KATANA: Dual Slicing Based Context for Learning Bug Fixes

Contextual information plays a vital role for software developers when understanding and fixing a bug. Consequently, deep learning based program repair techniques leverage context for bug fixes. However, existing techniques treat context in an arbitrary manner, by extracting code in close proximity of the buggy statement within the enclosing file, class, or method, without any analysis to find actual relations with the bug. To reduce noise, they use a predefined maximum limit on the number of tokens to be used as context. We present a program slicing based approach, in which instead of arbitrarily including code as context, we analyze statements that have a control or data dependency on the buggy statement. We propose a novel concept called dual slicing, which leverages the context of both buggy and fixed versions of the code to capture relevant repair ingredients. We present our technique and tool called Katana, the first to apply slicing-based context for a program repair task.
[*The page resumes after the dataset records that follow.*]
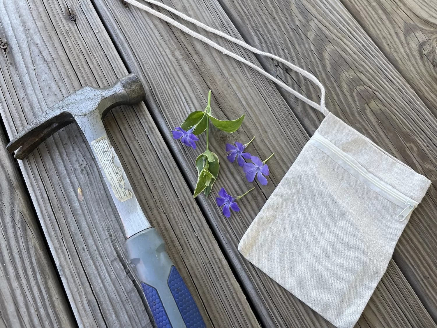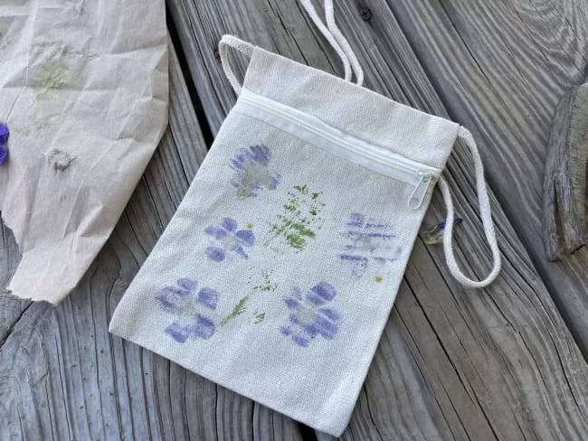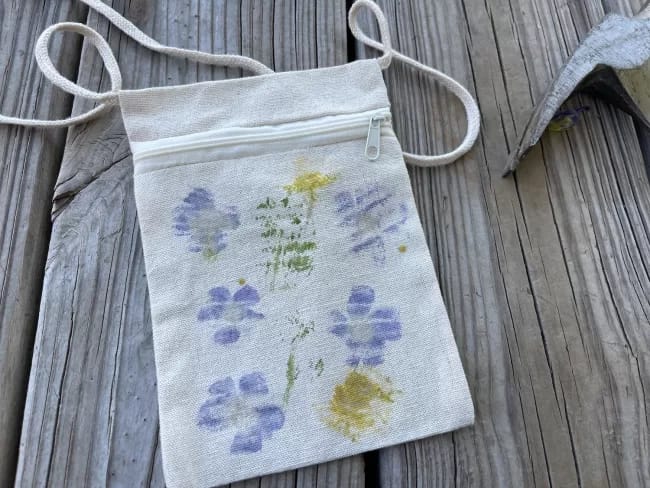 Have you seen people use a hammer to pound or stamp to transfer the color of the flowers onto the fabric? I have been watching these videos and wanted to see if it works. So recently, I picked a few purple violets and a yellow dandelion, pulled out a canvas lanyard bag, and a hammer to give this a try. The results are still very basic but I can see that this is a simple craft I would love to try again. If you are looking for a low-cost easy project to do this weekend, I suggest you try flower-pounding with fresh flowers.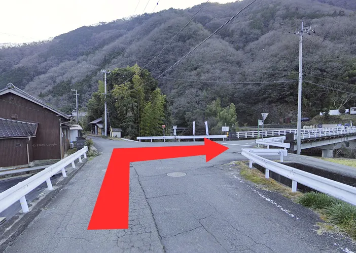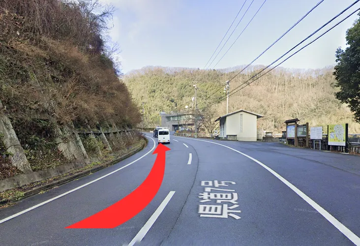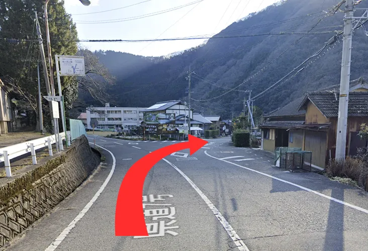 ダム方面に右折出来る道がありますが、細く危ないためご利用はお控えください。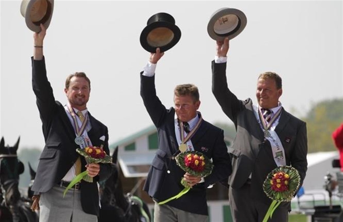 Boyd Exell (AUS) holdt hovedet koldt i den afgørende keglekørsel i firspandskonkurencen ved Alltech FEI World Equestrian Games ™ 2014 i Normandiet og scorede en fantastisk fejlfri runde, der sikrede ham den tredje verdensmesterskabstitlen i træk. Chester Weber (USA) vandt sølv og europamester Theo Timmerman (NED) vandt bronze medalje. Det hollandske hold vandt for fjerde gang i træk, efterfulgt af Tyskland og Ungarn.
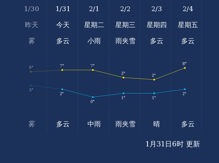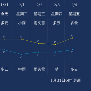 中国天气网讯 今天是1月31日星期一,一起来看天气。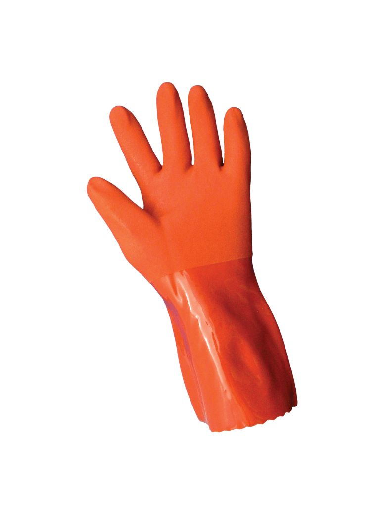 Guantes de 12″ con doble sumersión en PVC, forro seamless y acabado lija para manejo seguro de sustancias químicas, aceites y materiales grasos. Flexibles en frío hasta -5°F y con tratamiento antibacteriano.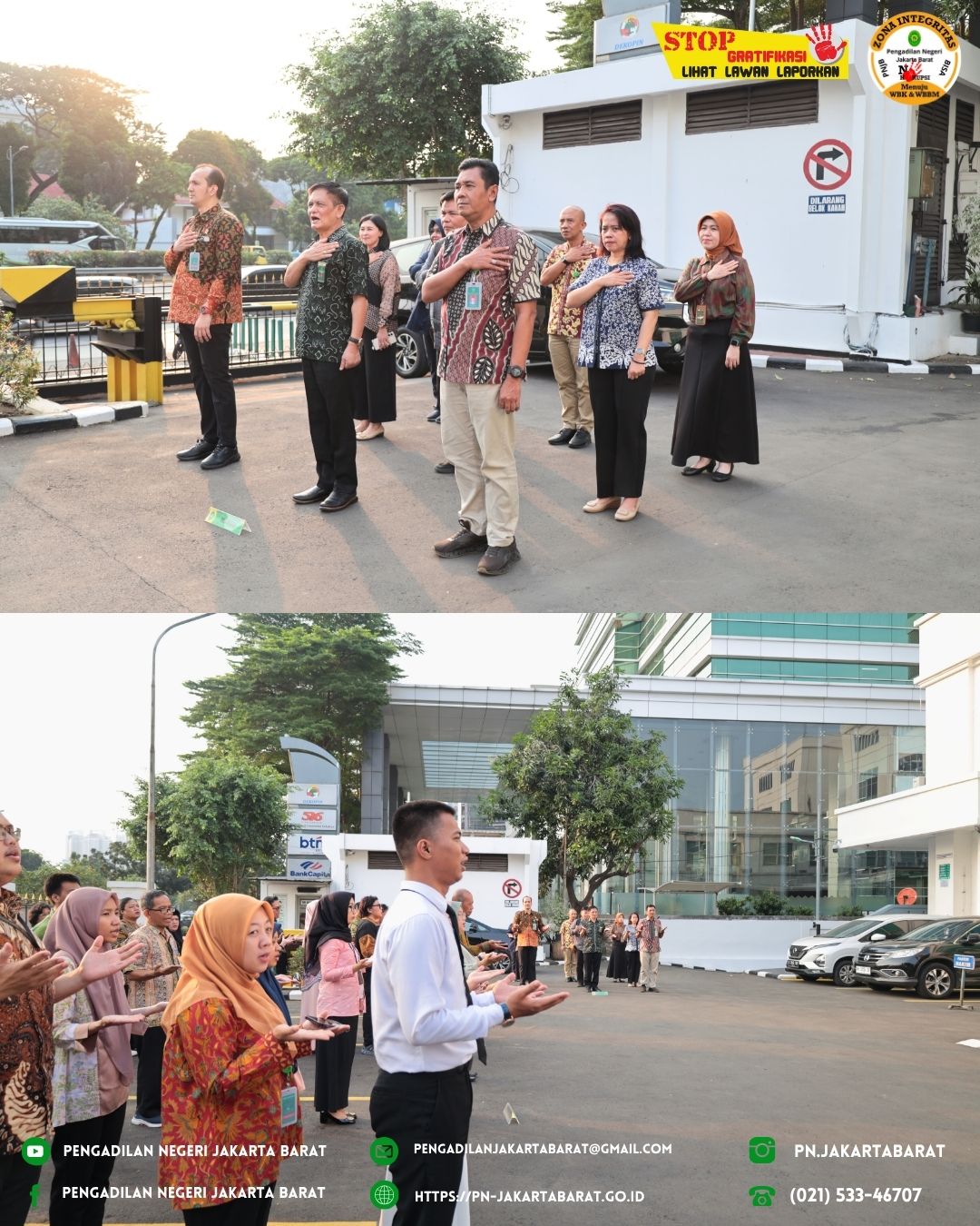 Apel Jumat Sore ini diharapkan menjadi akhir yang baik untuk mengakhiri pekan pelayanan di Pengadilan Negeri Jakarta Barat Kelas IA Khusus. Semangat dan komitmen seluruh pegawai dalam menjalankan tugasnya diharapkan dapat terus mengukuhkan citra lembaga pengadilan yang profesional dan berkualitas.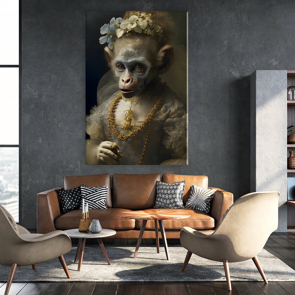 Das Blumenmädchen-Äffchen trägt ein prächtiges Rokokokleid, das mit filigranen Blumenmustern verziert ist. In ihrem lockigen Haar schmückt sie sich mit einem Haarreif aus duftenden Blumen und trägt goldene Ketten um ihren zierlichen Hals.

The results show that Katana effectively preserves sufficient information for a model to choose contextual information while reducing noise. We compare against four recent state-of-the-art context-aware program repair techniques. Our results show that Katana fixes between 1.5 and 3.7 times more bugs than existing techniques.

Automated summary

Contextual information is crucial for software developers to understand and fix bugs. However, existing techniques for using context in program repair do not consider actual relations with the bug and arbitrarily extract code. We propose a program slicing based approach called dual slicing that captures relevant repair ingredients by analyzing statements with control or data dependency on the buggy statement. Our tool Katana effectively preserves sufficient information for selecting contextual information and outperforms existing techniques by fixing 1.5 to 3.7 times more bugs.